Inhoud
 
Gemeente:
Ede
PlanNaam:
Bestemmingsplan Arnhemseweg e.o.
Status:
Vastgesteld
Datum:
13-03-2012

Artikel 7 Dienstverlening

 

7.1 Bestemmingsomschrijving

 

De voor de 'Dienstverlening' aangewezen gronden zijn bestemd voor:

  1. dienstverlenende bedrijven en dienstverlenende instellingen;

  2. kantoor en/of praktijkruimten, uitsluitend op de begane grond;

  3. detailhandel, uitsluitend op de begane grond, en uitsluitend beperkt tot de volgende activiteiten: kapper; reisbureau; kleding/textielreinigingsbedrijf; apotheken; galerie; hakkenbar/sleutelbar;

  4. wonen;

  5. ter plaatse van de aanduiding 'monumentale boom' voor behoud van monumentale bomen;

  6. wegen en paden;

  7. tuinen, erven en verhardingen;

  8. parkeervoorzieningen;

  9. water en waterhuishoudkundige voorzieningen;

  10. groenvoorzieningen.

 

7.2 Bouwregels

 

7.2.1 Hoofdgebouwen

Voor het bouwen van hoofdgebouwen gelden de volgende regels:

  1. Gebouwen mogen uitsluitend binnen het aangegeven bouwvlak worden gebouwd.

  2. Het bouwvlak mag volledig worden bebouwd, tenzij anders is aangegeven op de verbeelding.

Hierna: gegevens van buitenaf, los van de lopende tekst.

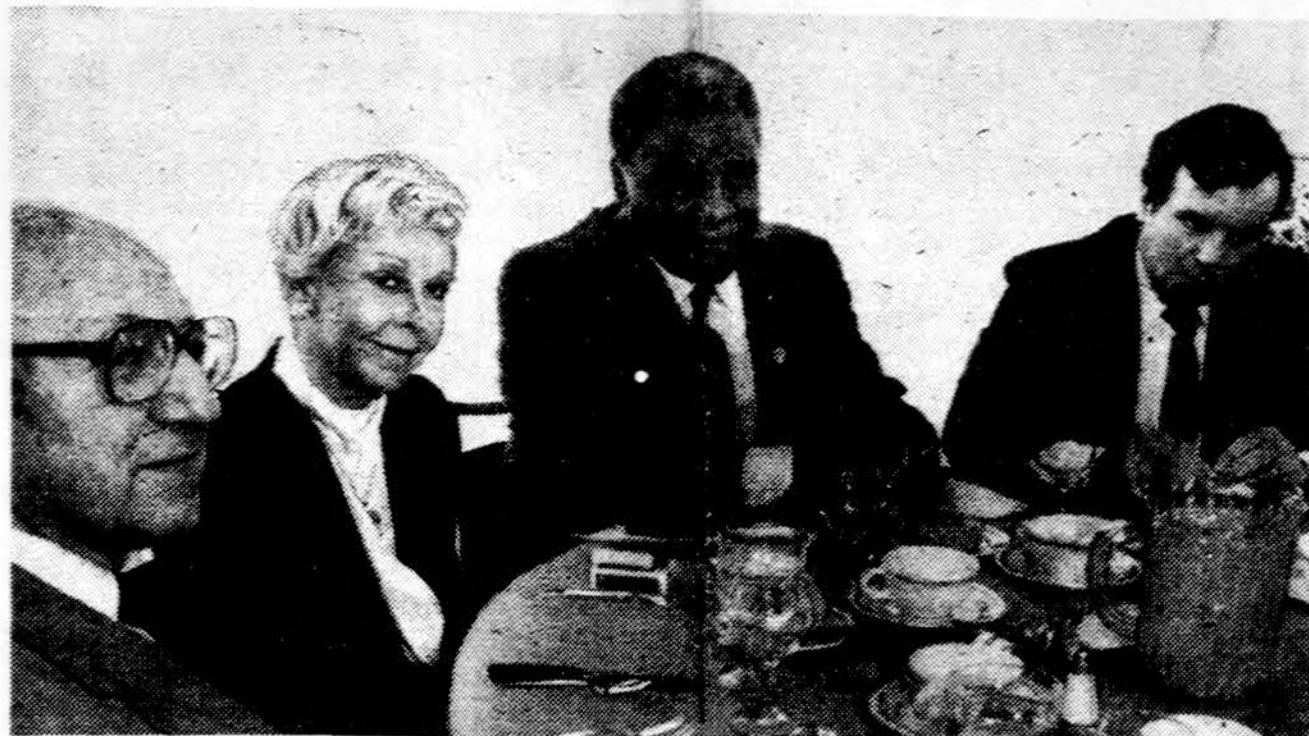
Po Chicago miesto mero rinkimų, kurių kampanijoje buvo pasakyta daug pikty žodžių, trečiadienį buvo pademonstruota vienybė ir susiklausymas. Nuotraukoje savo brolių priešpriešuos

Naujieji Kambodijos, pasivadinusios Kampučėja, pabėgėliai pasakoja korespondentams, kad vietnamiečiai valdo tik Kambodijos miestus ir kai kuriuos kelius. Naktį ir tie miestai girdi šūvius, vietnamiečių kareiviai užpildinėjami net ir dieną. Toliau iš miestų vietnamiečiai išvyksta tik didesniais būriais,

  3. De voorgevel moet worden gesitueerd in de voorgevelrooilijn of op een afstand van niet meer dan 2 m daarachter.

  4. De goothoogte van gebouwen mag niet meer bedragen dan is aangegeven op de verbeelding.

  5. De bouwhoogte mag niet meer bedragen dan is aangegeven op de verbeelding.

 

7.2.2 Aan- en uitbouwen en bijgebouwen

Voor het bouwen van aan- en uitbouwen en bijgebouwen aan/bij de woning gelden de volgende bepalingen:

  1. Aan- en uitbouwen en bijgebouwen dienen op een afstand van ten minste 3 m achter de voorgevellijn van het hoofdgebouw te worden gebouwd.

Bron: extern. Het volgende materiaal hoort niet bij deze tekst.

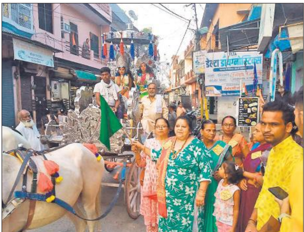
दधिकांधौ की शोभायात्रा को हरी झंडी दिखाकर रवाना करती मुख्य अतिथि।

मां, बालाजी दरबार, खाटू श्याम और काल भैरव समेत तमाम मनमोहक झांकियां शामिल रही। शोभायात्रा चौक बाजार, जेपी रोड, मोतीराम चौराहा,सुनहरी

  2. Het bebouwingspercentage van het gedeelte van de gronden gelegen achter de achtergevelrooilijn van het hoofdgebouw mag maximaal 50% bedragen tot een maximum gezamenlijke oppervlakte van 50 m².

  3. Voor zover de oppervlakte van de strook grond achter de achtergevelrooilijn van het hoofdgebouw meer bedraagt dan 200 m² mag de onder b geregelde gezamenlijke oppervlakte worden vermeerderd met 10% van deze overmaat tot in totaal maximaal 90 m².

  4. De goothoogte mag niet meer bedragen dan 3 m.

  5. De bouwhoogte mag niet meer bedragen dan 5 m.

 

7.2.3 Bouwwerken, geen gebouwen zijnde

Voor het bouwen van bouwwerken, geen gebouwen zijnde gelden de volgende regels:

  1. De bouwhoogte van erf- en terreinafscheidingen mag niet meer bedragen dan 2 m, met dien verstande dat de bouwhoogte voor erf - en terreinafscheidingen vóór de voorgevellijn niet meer mag bedragen dan 1 m.
  2. De bouwhoogte van lichtmasten en vlaggenmasten mag niet meer bedragen dan 6 m.
  3. De bouwhoogte van overige bouwwerken, geen gebouwen zijnde, mag niet meer bedragen dan 3 m.